And this is very evident when one compares the sociology program course offerings and fields of specialization in, say, 1965 (also an era of political protest) to 2025 today where social issues courses now dominate the field). Increasingly, there is no or little interest in value neutrality and developing theories about the socio-cultural universe in all its dimensions. And when one goes to a sociology meeting, most papers in the program clearly have a political bias. Indeed, from a personal experience, I now find the meeting very sad because of the lack of attention to many other dimensions of the socio-cultural universe that are now completely ignored; and even worse, there is no pretense of value neutral anywhere to be seen. Papers are heavily ideological, and presenters are not embarrassed by this. Indeed, “value neutrality” is considered a nasty word that goes against the emphasis on studying social problems.
The reason that this shift in emphasis depresses me is that, at the moment when sociology has accumulated very sophistical theories that would be accepted at any table of science, sociology has not only abandoned value neutrality but also about two-thirds of the phenomena that sociologist should explore. And as the new demography of the discipline continues to emphasize “activism,” it will increasingly be difficult to do science—as many mid-career scholars have told me. Indeed, they often are considering simply leaving the field rather that deal with the intolerance of of their colleagues to value-neutral hard science. ASA memberships are down by about 40% from their peak and will continue to go down once sociologist who share my views leave the discipline by choice, retire early, or simply die off (never to replaced by younger science-oriented scholars). And so force that can alter this shift in interests among sociologist. Most members of ASA embrace this activist turn, and they are often hostile to those seeking to be value neutral in their empirical research or their theorizing.

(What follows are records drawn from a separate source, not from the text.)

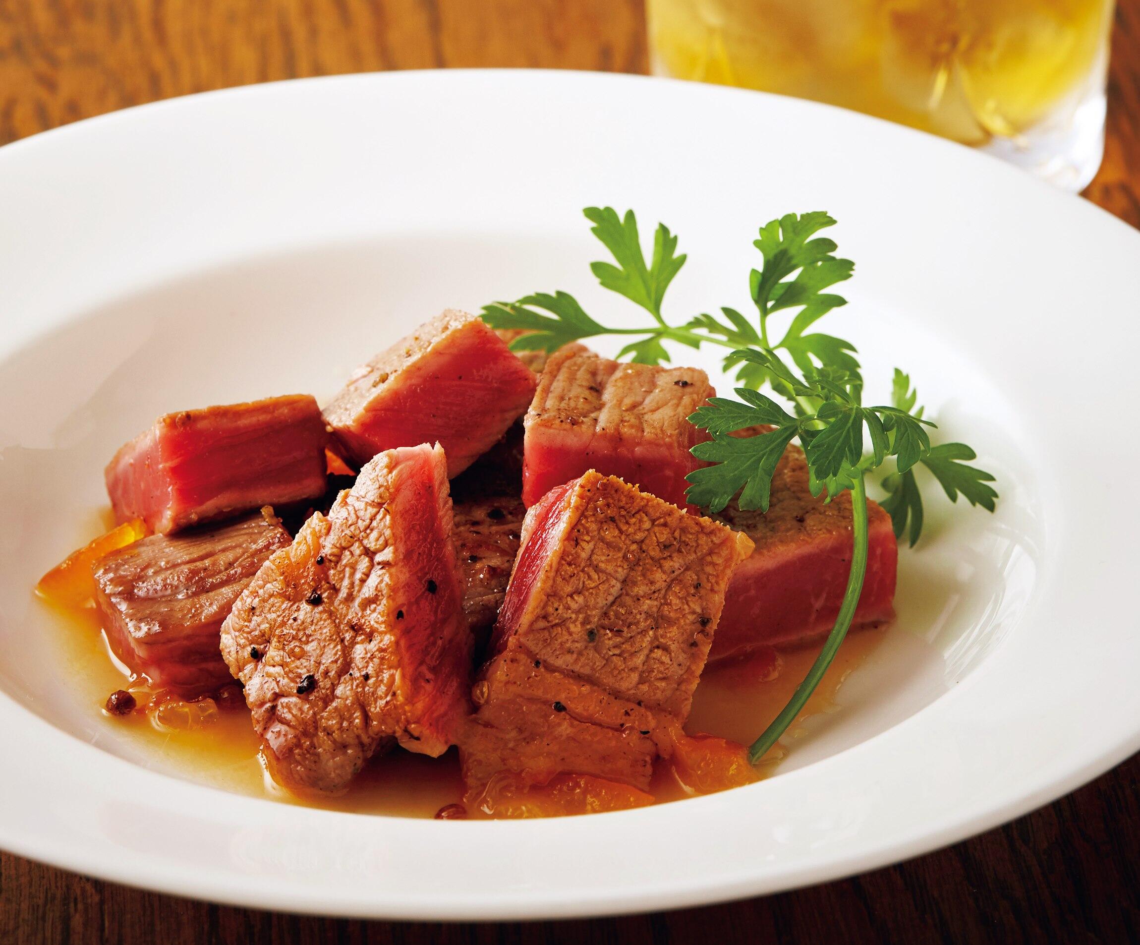 赤身肉の美味しさを引き立てるオレンジ・マーマレードベースのソースが美味。甘味を和らげる隠し味に、芳醇なウイスキーを加えて風味アップ。ワンパターンな味つけになりがちなステーキも、料理研究家の上田淳子さんの手にかかれば、あれよあれよという間にバリエーション豊かなつまみ変身。誰もが笑顔になる、お酒が進む豪快なステーキつまみを習いました。
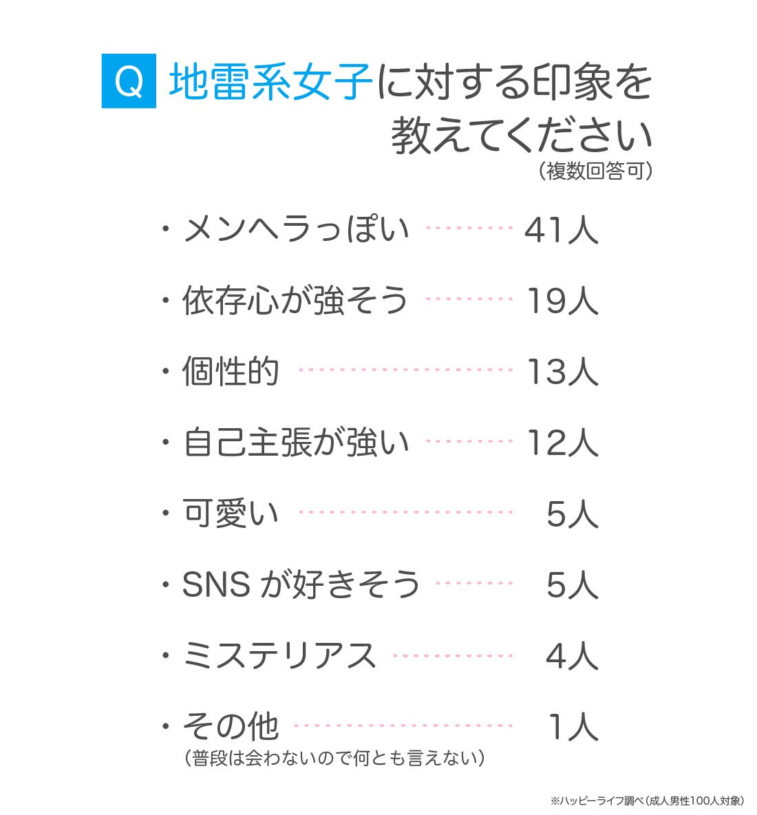 ハッピーライフでは、成人女性100人を対象に「自分は地雷系女子だと思いますか?」というアンケートを取りました。
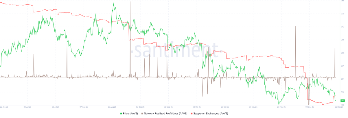 Giá Aave (AAVE) đã không thể vượt qua đường EMA 50 ngày tại mốc 193,61 USD trong phiên 10/12, qua đó đảo chiều giảm mạnh hơn 18% tính đến Chủ Nhật. Sang thứ Hai, áp lực bán vẫn chiếm ưu thế khi AAVE tiếp tục suy yếu và giao dịch dưới ngưỡng 161 USD.
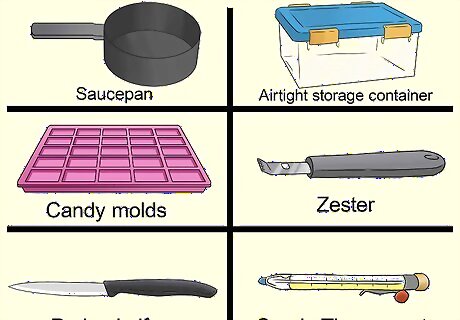 Gather your supplies. For this recipe you will need the following items: Paring knife Zester Saucepan Candy thermometer Candy molds Airtight storage container.
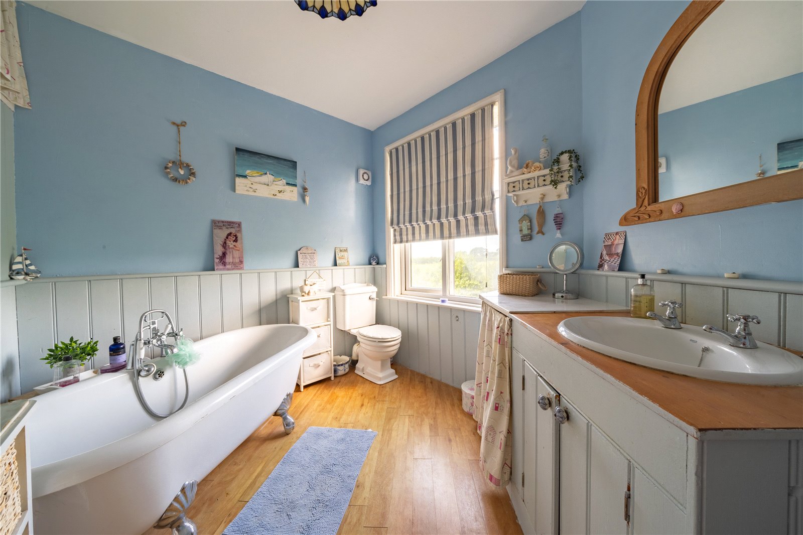 FAMILY BATHROOM: Comprising of a feature roll top Victorian style bath, W.C., fitted wash basin, half panelled walls, chrome heated towel rail, vanity unit, double glazed windows with aspect to side garden and far-reaching rural views beyond.
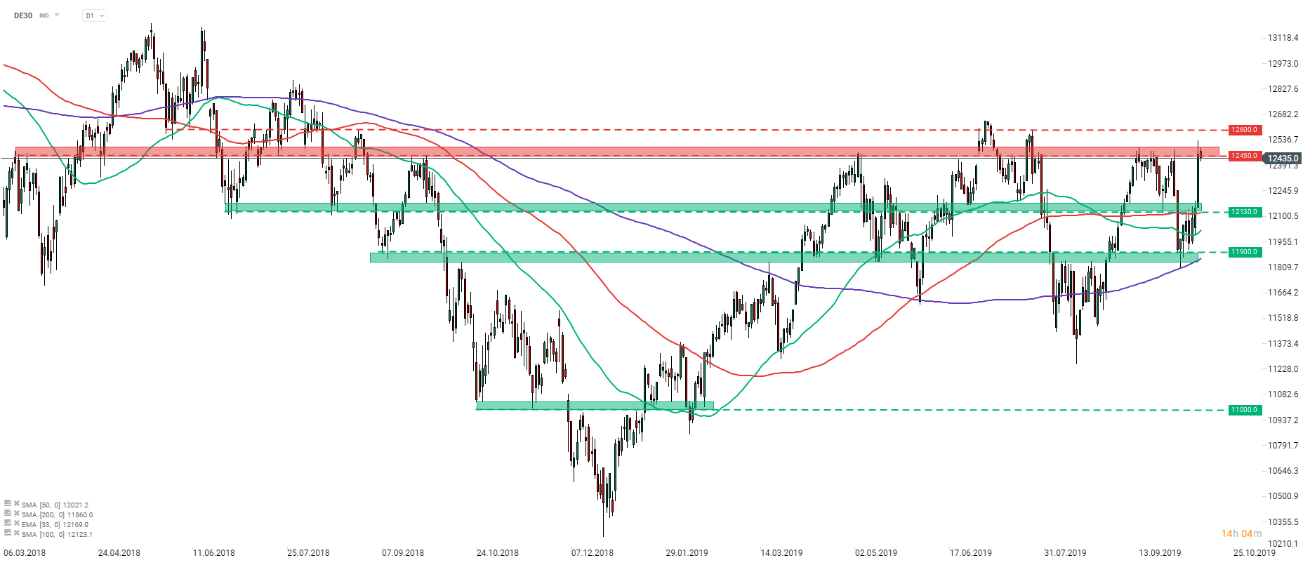 DE30 pulls back from the resistance zone ranging above 12450 pts
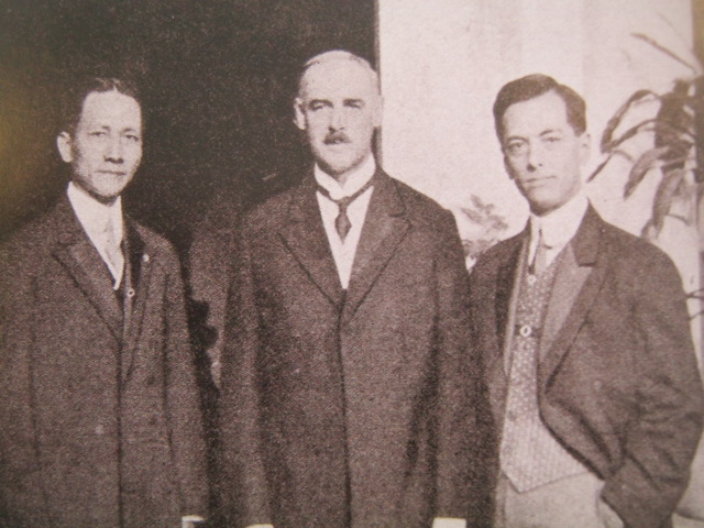Si Osmena at Quezon kasama si Gobernador Heneral Francis Burton Harrison. Mula sa Manuel Luis Quezon nina Edgardo J. Angara at Sonia P. Ner.
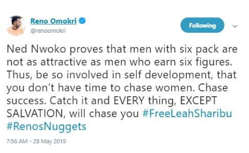 “Ned Nwoko proves that men with six pack are not as attractive as men who earn six figures. Thus, be so involved in self development, that you don’t have time to chase women. Chase success. Catch it and EVERY thing, EXCEPT SALVATION, will chase you #FreeLeahSharibu #RenosNuggets”
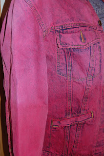 A couple of tips… The dye may not end up the same exact color as the bottle… my bottle was for cherry red and as you can see, it looks more hot pink! And then look at the different colors between the jacket and the scarf…. the dye will pick up different on different material types, so be prepared! If you need an exact color, do a test dye job, I am pretty flexible, so I am digging the colors and how it turned out.

Sociology was always vulnerable this large shift in interests because sociology attracts those (such as I) who were interested in making the social world better, and more fair to those who have suffered from discrimination. Sociology, especially in the United States, has always been oriented to social problems but generally with a commitment to science as the best tool for addressing social problems. That commitment is not completely, gone but it is fading at a time when the world needs scientifically-oriented sociologists.
References
“Must Sociological Theory and Practice Be So Far Apart?” Sociological Perspectives, 41 (1998), pp. 244-258; Jonathan H. Turner and Kyung-Man Kim. “The Disintegration of Tribal Solidarity among American Sociologists: Implications for Knowledge Accumulation, The American Sociologist; "Is Public Sociology Really Such a Good Idea?" The American Sociologist 36 (2003), pp 27-45; “American Sociology in Chaos: Differentiation without Integration,” The American Sociologist, 37 (2006), pp. 15-27; "The Practice of Scientific Theorizing in Sociology, and The Use of Scientific Theory in Practice." Sociological Focus 41 (2008), pp. 281-300; “American Journals and Sociology’s Big Divide: A Modest But Radical Proposal.” American Sociologist 2016 47: 289-301; The More Sociology Seeks to Become a Politically Relevant Discipline, The More Irrelevant It Becomes to Solving Societal Social Problems,” American Sociologist, 2019; The Rise of The Academic Justice Warriors and the Decline of American Sociology,” See my blog and web page on The Social Physicist.
American Society: Problems of Structure (New York: Harper and Row, l972); Inequality: Privilege and Poverty in America (Goodyear Publishing, l976); Social Problems in America (New York: Harper and Row, l977); Oppression: A Socio-history of Black-White Relations in America (Chicago: Nelson-Hall, l984), 215 pp. (with R. Singleton and D. Musick); American Dilemmas (New York: Columbia University Press, l985), 385 pp. (with D. Musick).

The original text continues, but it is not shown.